The local utility decided to change the pole mounted transformer that feeds my house and two neighbors to the East. They didn’t give any notice or anything, they just cut the power. So the new edition of the IEEE controls systems magazine came in the mail today and I spent some time looking through it while I was waiting. A column called 25 years ago discusses the difficulty of testing systems for all contingencies and highlights some of the issues that were encountered on the Voyager One spacecraft.
Voyager One encountered problems immediately after entering orbit. The main issue had to do with navigation, but a secondary issue was caused by the software trying to correct for the navigation issue and prevented a fix from being uploaded immediately. They were eventually able to upload a software patch and correct the issue, but it sounds like the integrity of spacecraft and mission success were in question for a while. From the article:
This was a program that had been very carefully done by probably some of the very best people in the world. They had exercised it and worked on it, but that particular real circumstance was not quite right in the model, and the software had a loop in it that no one had ever thought of.
This immediately brought to mind Air France 447. We may never know exactly what happened, but I think it is safe to say that some unforseeable, untestable sequence of events came together at the wrong time.

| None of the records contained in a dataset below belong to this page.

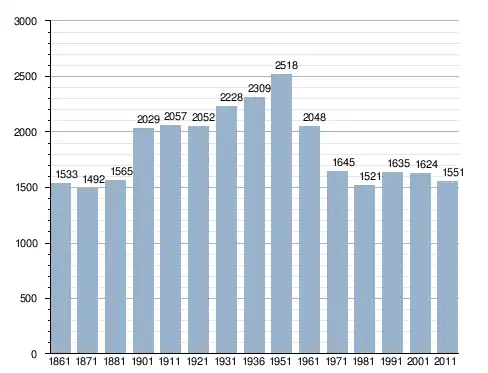 في سنة 1861 بلغ عدد السكان 1٬533 نسمة، وتطور العدد ليصل في سنة 2011 لـ 1٬551 نسمة.
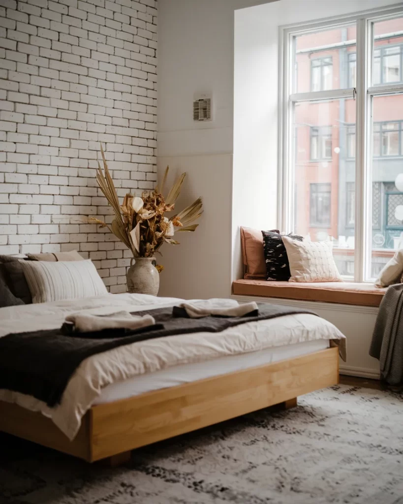 This bedroom combines Stockholm minimalism with urban texture through a striking white painted brick accent wall. The natural wood platform bed anchors the space, while a cozy window seat with mixed pillows creates a reading nook overlooking the street. Golden dried botanicals in a ceramic vase add seasonal warmth, and the vintage-style area rug introduces subtle pattern without overwhelming the clean aesthetic. The neutral palette and natural materials maintain the Scandinavian emphasis on comfort and natural beauty.
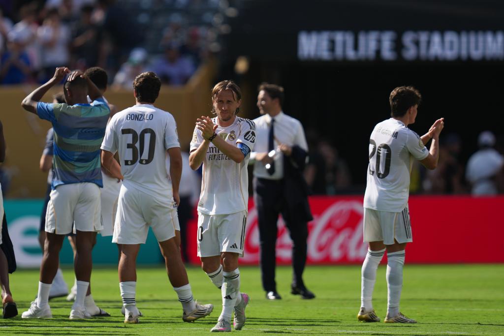 7月9日,在2025年國際足聯(lián)俱樂部世界杯(世俱杯)半決賽后,莫德里奇(中)在向觀眾致意,這是莫德里奇效力皇馬的最后一場(chǎng)比賽。新華社記者 黃宗治 攝
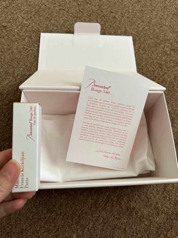 This is my very first time trying any perfume from Maison Francis Kurkdijan and it's Baccarat Rouge 540 eau du perfume. I've been using this for the past couple of weeks and I can confidently say it is now my favourite fragrance. I had lots of compliments from friends and family since wearing this . The scent is unique, luxurious, and long-lasting. The smell isn't over powering but I can still smell it on my clothes even on next day . The packaging is also very classic and luxurious. It's a classy woody smell with the hint of amber , jasmine floral notes. You can wear it as a day to day scent and it's also perfect for special occasions and events. This perfume is absolutely gorgeous and would highly recommend.
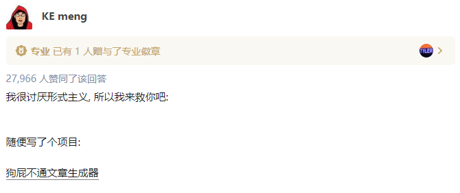 我更希望,大家能把这个生成器当成了对形式主义的一种讽刺。
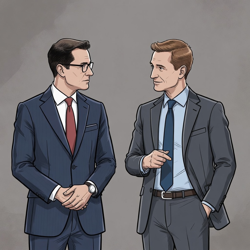 An illustration depicts two White men in business suits standing and facing each other on a plain gray background. The man on the left wears a dark blue suit, white shirt, red tie, and glasses, with his hands clasped in front. The man on the right wears a gray suit, light blue shirt, blue tie, gesturing with one hand while the other is in his pocket.
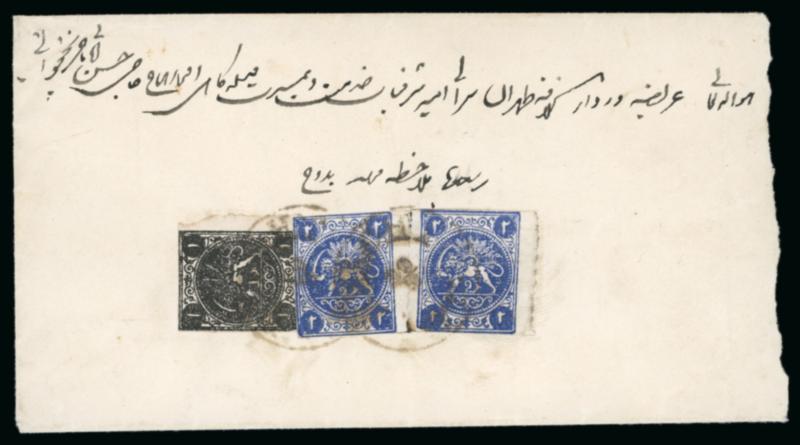 2sh. blue, rouletted, two examples type 'B' and 'C', used with 1sh. black, rouletted, type 'A', on 1876 cover from Rescht to Tehran, tied by RESCHT/30.3.76 cds, very fine and a rare franking; ex Farahbakhsh and Youseffi. (Image)
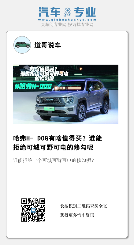 继大狗和酷狗之后,哈弗汪汪队又添新成员!今天就聊聊哈弗H-DOG。哈弗H-DOG搭载混动专用的1.5T涡轮增压发动机+2挡DHT总成,以最合适的驱动方式应对不同路况,总功率240kW、总扭矩530N·m,性能足以媲美合资2.5T中大型SUV。综合续航更是超过1000公里。在充电效率上,电量从30%充电至80%仅需22分钟。谁能拒绝一个可城可野可电的修勾呢?

Software is great, it is so flexible that you can make it do anything you need it to. The drawback to that flexibility is a complexity that is hard to comprehend. For example, a small piece of software may be around 100,000 lines of code. The number of potential execution paths through those 100,000 lines of code is on the order of exponential. This is the reason that you can only really test an application to be correct according to the requirements. It is just not possible to completely test every state and execution path of an application of any appreciable size.